Amy Krouse Rosenthal died last week. A short time before her death she wrote a profoundly moving essay, “You May Want to Marry My Husband” in the New York Times’ Modern Love column that created an unprecedented whirlwind of reaction.
The author, a prolific writer of children’s books who was diagnosed with ovarian cancer, chose an entirely different theme for what she called her Valentine’s Day message to her husband. After 26 years of what she acknowledges as an idyllic marriage, she wanted more than anything else to leave this world with the assurance that the husband she loved so dearly would find another partner worthy of his qualities.
So she wrote a love letter to extol her husband’s unique assets and abilities. She tells us how easy a man he is to fall in love with – because she did it just one day. She praises his gifts as a father; his kindness and compassion; his fantastic skill in the kitchen; his artistic talent; his romantic nature - and with that all his incredible good looks. She shares with us how much she would have loved the next 26 years with him. But since she knows her days are numbered she concludes: “I am wrapping this up on Valentine’s Day, and the most genuine, non-vase-oriented gift I can hope for is that the right person reads this, finds Jason, and another love story begins.”
It was heart wrenching to read. Even more so, to know that Amy’s death shortly followed. But what I think is the takeaway message from this remarkable story is something that I as a Rabbi have often tried to communicate – a message often difficult to absorb but deeply important in the lives of people forced to cope with the aftermath of tragedy.
Losing a loved one is an experience beyond compare. The Talmud recognized that “a husband chiefly dies only for his wife, a wife only for her husband.” Those who try to offer comfort by claiming they understand the mourner’s pain are untruthful as well as insensitive. The agony of loss for a beloved partner in life simply has no parallel.
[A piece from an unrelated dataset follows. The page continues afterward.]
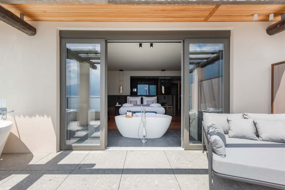 Ispirata all’acqua, questa suite di circa 85 mq è impreziosita dal color argento, Argantos appunto. Toni nature di parquet e pareti si abbinano al gres del bagno open space, mentre una lamina color argento al centro del soffitto, grazie a un particolare gioco di luci, ricrea riverberi analoghi a quelli dell’acqua e trasporta in un’altra dimensione. Letto super king size, bagno turco, Airpool e sauna panoramica sul balcone rappresentano il vero lusso di questa spa suite, disponibile in numero limitato (solo 4 stanze).

And yet Jewish law has a remarkable demand upon the conclusion of the seven-day shiva period. With the close of the intense time of mourning, those who rise from their grief are to step outside and walk around the block – symbolically expressing the idea that life must go on and it is their duty to rejoin the living.
The greatest gift we owe to those who truly loved us is to find the happiness they would surely have wanted for us.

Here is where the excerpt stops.